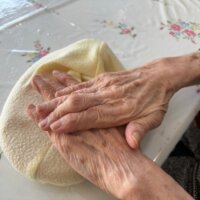 ポンポンと軽くたたいたり、押し付けてまわしてみたり、花の形が付くようにグイグイと傾けてみたり
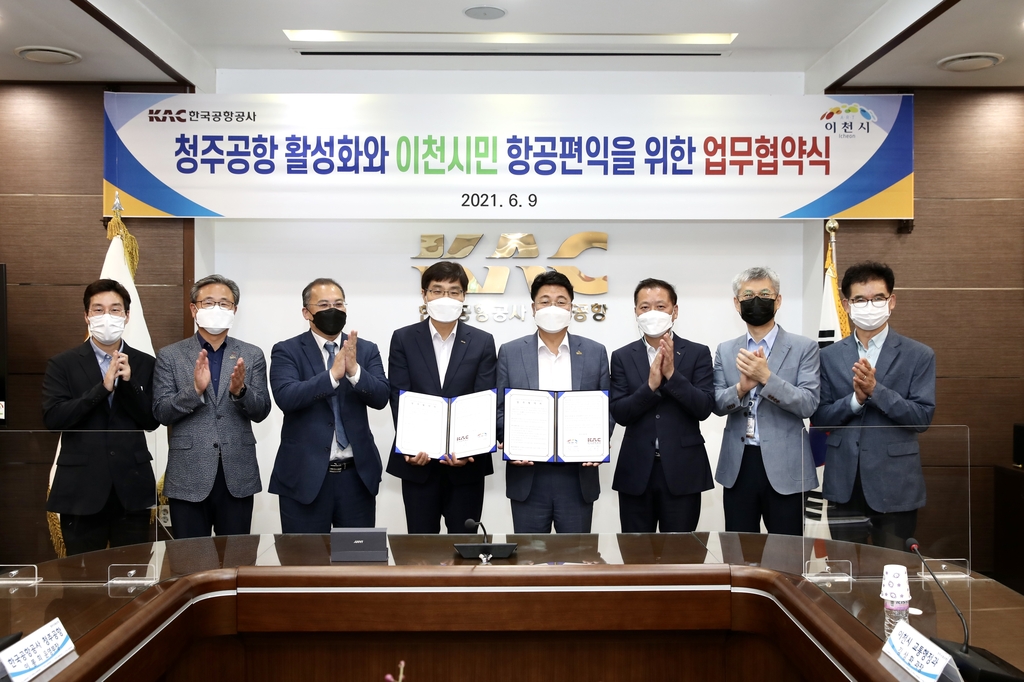 (이천=연합뉴스) 최찬흥 기자 = 경기 이천시는 9일 한국공항공사 청주공항과 '청주공항 활성화와 이천시민 항공편익을 위한 업무협약'을 맺었다.
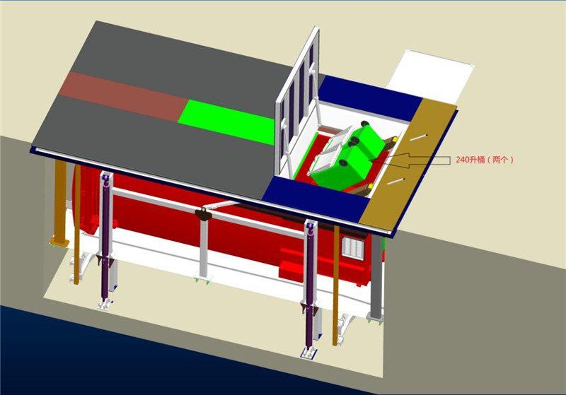 只要將地埋式垃圾箱上蓋打開,垃圾箱的推頭就會把推頭室的垃圾推到垃圾貯料倉從而達到垃圾壓縮功能。

● WHAT YOU SHOULD DO
A word-for-word copy of the listing is needed. It must not include the pictures.

● OUTPUT OF THE EXERCISE
 ポンポンと軽くたたいたり、押し付けてまわしてみたり、花の形が付くようにグイグイと傾けてみたり
 (이천=연합뉴스) 최찬흥 기자 = 경기 이천시는 9일 한국공항공사 청주공항과 '청주공항 활성화와 이천시민 항공편익을 위한 업무협약'을 맺었다.
 只要將地埋式垃圾箱上蓋打開,垃圾箱的推頭就會把推頭室的垃圾推到垃圾貯料倉從而達到垃圾壓縮功能。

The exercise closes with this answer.